Saturday, January 23, 2016

Why it's a silly idea to buy a new camera

As my regular readers will know I possess a Canon XT. I've had it since it was new for which I paid probably $800 - $1000. Today I looked at the secondhand market and eBay seems to be selling plenty XTs for $45 or frequently less. Considering I have taken less than 10,000 photos using my camera over the past 10 years, it works out as really rotten value. In 10 years, had I used film, I would have taken less photos and been more mindful of the cost of the photo. That's not hard to do either. I haven't taken any photos for several months with my XT. I've taken a lot of photos with my phone though.

Checking my phone, I've taken 42 photos this month so far and that's a low number. I expect when I work on my bus project tomorrow I'll take a further dozen photos. My phone is something I need anyway and the camera on it was free. Currently phone cameras are way better value than DSLRs.

Looking at the resale value of cameras - you will certainly want to sell your camera at some point in order to take advantage of later developments - they're a huge money pit. Back in film days when cameras didn't change much from decade to decade they retained their value. That meant it was worth buying a camera because it could be reliably sold for about 75% of what it cost. Now because cameras and lenses are overproduced and oversold, the resale value is negligible. $1,000 for something that'll be worthless in a few short years is a pointless waste of money. Better to stick with a cameraphone and just agree that it won't be great for the more specialised photographic disciplines.

Secondhand, it's well worth buying a camera. The technology won't be the latest but if you can live with that, it could well be worthwhile. I'd like to take night sky photos but am stuck. I either have to spend $300-$400 on the cheapest suitable lens, $300-$400 on a camera with an ISO high enough to use my existing lenses or $175 on a secondhand camera and lens from one of the newer mirrorless systems.

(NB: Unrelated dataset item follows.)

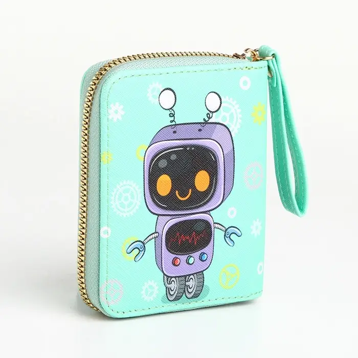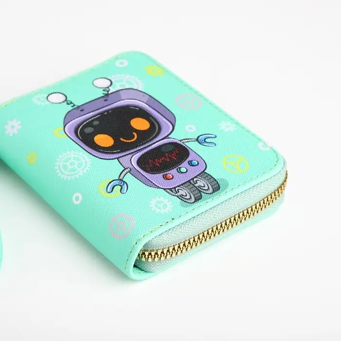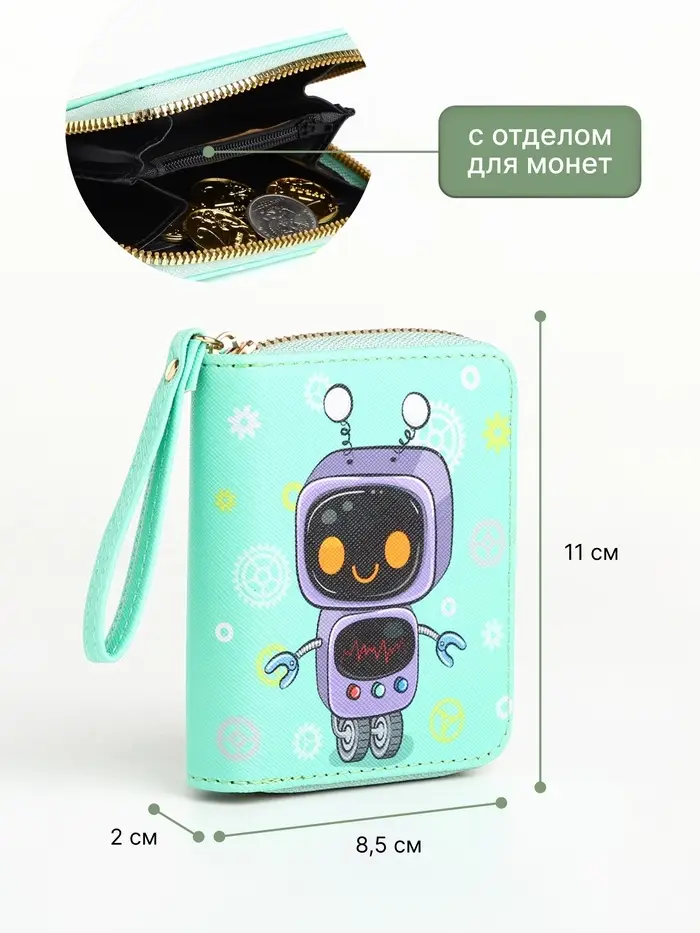 Этот салатовый кошелёк с роботом создан для тех, кто ценит практичность и яркие детали. Он станет вашим личным организатором, где у каждой мелочи есть своё безопасное место.
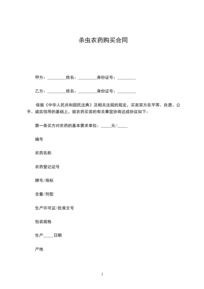 依据《中华人民共和国民法典》及相关法规的规定,买卖双方在平等、自愿、公平、诚实信用的基础上,就农药买卖的有关事宜协商达成协议如下:

It looks obvious - sell the existing stuff and go for the mirrorless solution. There's a problem though - the mirrorless cameras have slightly less dynamic range.

I can honestly say that the way Canon has overproduced and oversold their cameras and lenses is exceptionlly shortsighted and has quite probably ruined the market. I know for sure that if the rate of release had been a lot slower - say one camera every 5 years instead of every 18 months and cameras with real differences rather than notional differences then the bottom would not have fallen out of the used camera market. What difference is there between the XT and the XTi? Simple - 2 megapixels. That is so negligible it's not worth mentioning. What is the difference between 8 megapixels and 16 megapixels? Not much - the extra 8 sounds phenomenal but in actuality means nothing. You will not see a difference on a 10x8 print nor on a 20x16 print.

As a consequence of Canon's overproduction and overselling, the market has been utterly ruined for new cameras. Who on earth is going to buy a new camera when they can buy a secondhand camera that's had hardly any use for peanuts? If I went for a mirrorless camera then I'd get secondhand and certainly not new! Indeed for the night sky photos I'd like to take, it might even be worth buying a secondhand mirrorless then simply selling the Canon stuff due to its redundancy. Honestly, I just can't see how the $300-$400 cost of a wide prime (even a budget model) can be justified when the mirrorless equivalent is so much less. In terms of modern technology, even a $175 camera comes with higher ISO than my XT and a zoom lens that's almost as fast as the budget prime. 

Buying a camera, these days, is pointless unless it has WiFi, Bluetooth, GPS and NFC built in. It's equally pointless to buy a big camera when the market is clearly favoring smaller cameras. Its certainly not possible to get smaller than a phone camera! So, the question is - how is Canon etc going to manage to sell their overpriced junk? Seriously, if the camera is going to be worthless in 10 years or 5 years then what's the point in buying it? Better to spend the money on hookers and have some value out of it! I certainly don't feel I've had good value out of my Canon camera. And before you go on about my needing to use it more, I've had a phone camera for 3 years and have already taken 6,000 photos with it. That's  way more than my DSLR in 10 years!